Mick transitioned into pro sound engineering and audio electronics in 1981, mixing stage monitors on road tours with The Waitresses and Robert Gordon, mixing at venues for bands including Madonna, Aretha Franklin, and The Dead Kennedys. He later worked in corporate sound for clients such as The New York Stock Exchange, GM, Bankers Trust, and Trinity Church and then recording studios including Sony Studios, Unique Recording, and Kampo Studios among others. In 1996 he scored and wrote 5 songs in his home studio for the movie, Passion and Romance; Strange Desire (1997), shortly after starting at Howard Schwartz Recording. – https://www.imdb.com/title/tt0170627/fullcredits/?ref_=tt_ov_st_sm. He never stopped playing. Bands he has performed/recorded with over the years include Brett Smiley, Phoebe Legere (“Cajun Moon” CD), Shokei Harada (4 set CD – Japan), Antonia and the Operators (EP), Jim Sharpley and The Sharpshooters (“Northern Country” album) Paul Anthony (release pending), Val Kinzler and Validation (release pending), Krave (release pending),The Cynz, The Lee Lawless Band, Soul Cake, Jim Knable, Phil Gammage, The Bowery Boys, The Brooklyn Horns, Snake Monsters, Paintbox, Gary Knox, The Poorboys, The Hysterics, Electroflex, Hard Labour, Wendy Leeds, Social Register, The Seclusions (Isolation for Creation – album uncredited), and finally Thomas Chapin (jazz saxophonist) and Arthur Kell (bass) in high school.
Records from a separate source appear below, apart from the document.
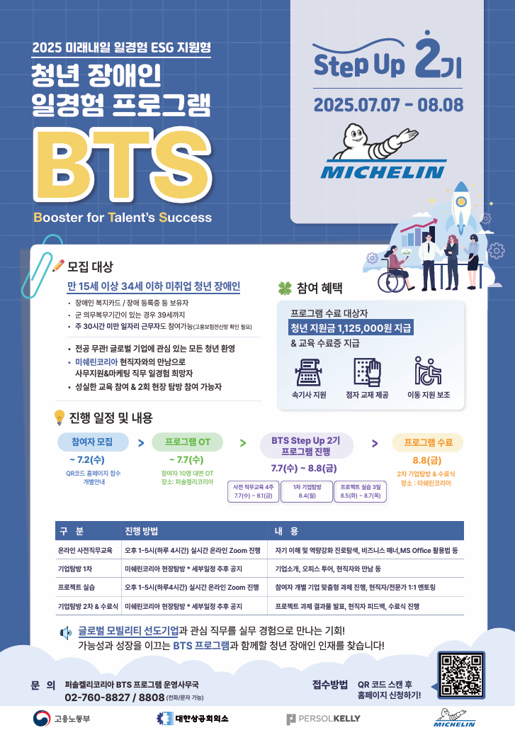 BTS 프로그램 Step Up 2기 참여자 모집 (미쉐린코리아 X 퍼솔켈리코리아)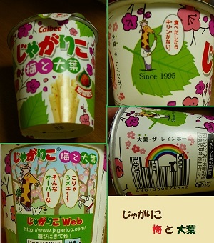 2012年のおいしそ梅と2013年のよろこぶ梅は食べている模様。 ほんのり梅(2008,2009)、つぶつぶ梅(2010)、うめぇ梅(2011)とかあったみたい。 そんなにしそは強く感じない。今までのやつよりも梅の酸味も控えめかなーと思った。 商品名が『梅と大葉』なので酸っぱいと想定して食べたから、もう少し酸味としその風味が強くてよかったなぁ。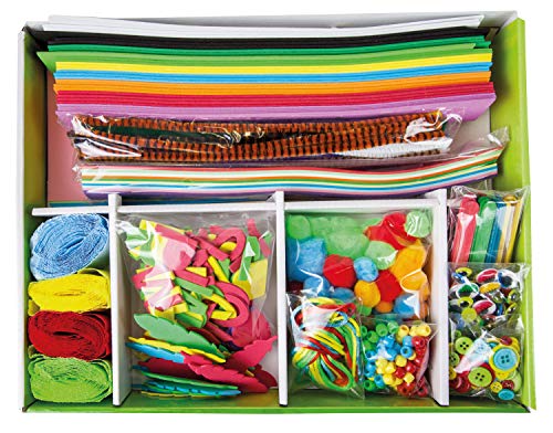 Inklusive: buntem Papier, Pfeifenstopfer, Moosgummi Zuschnitte, Mossgummi Streifen, Moosgummi Federn, Kulleraugen, Pompons, Kreppband, bunte Eiscreme Sticks, Papier Streifen, Satinbänder, Perlen und Knöpfe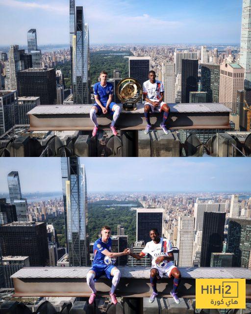 هاي كورة- جلس عثمان ديمبيلي نجم باريس سان جيرمان، وكول بالمر لاعب تشيلسي، على حافة أحد ناطحات السحاب في نيويورك، في لقطة مذهلة التُقطت قبل المباراة النهائية المرتقبة لكأس العالم للأندية.
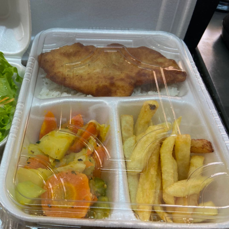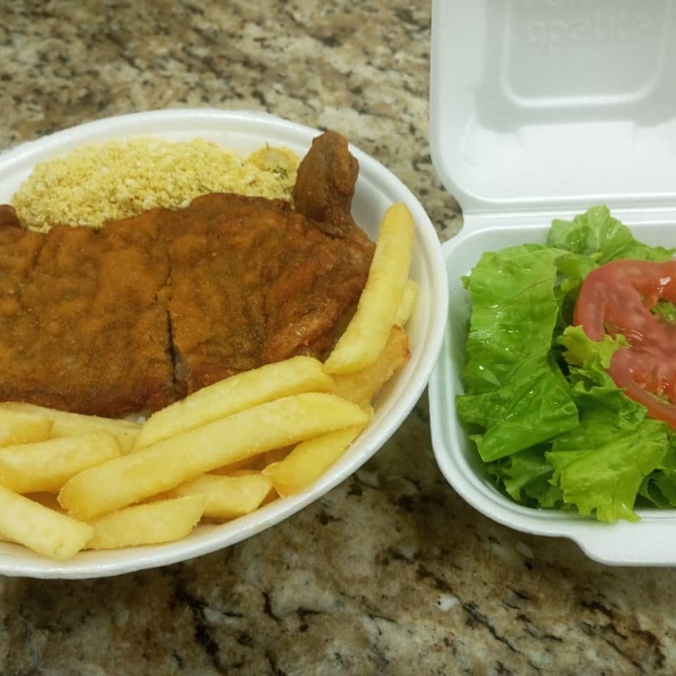 Executiva Media De Bife A Milanesa Acompanhado De Arroz, Feijão , Fritas E Salada Do Dia .

Theater credits include drumming for “Tyrone X” and “Werold (is…IS)”. https://www.nytimes.com/1983/10/19/arts/the-dance-werold.html.
He currently performs regularly in a number of outfits including Don BlackCat & Friends, Density, Eve Blackwater, Rick Eckerle and The Archangels, Broken Time Machine, Michelle Fury, Cheri Dahl, Marlowe B. West, and The Next.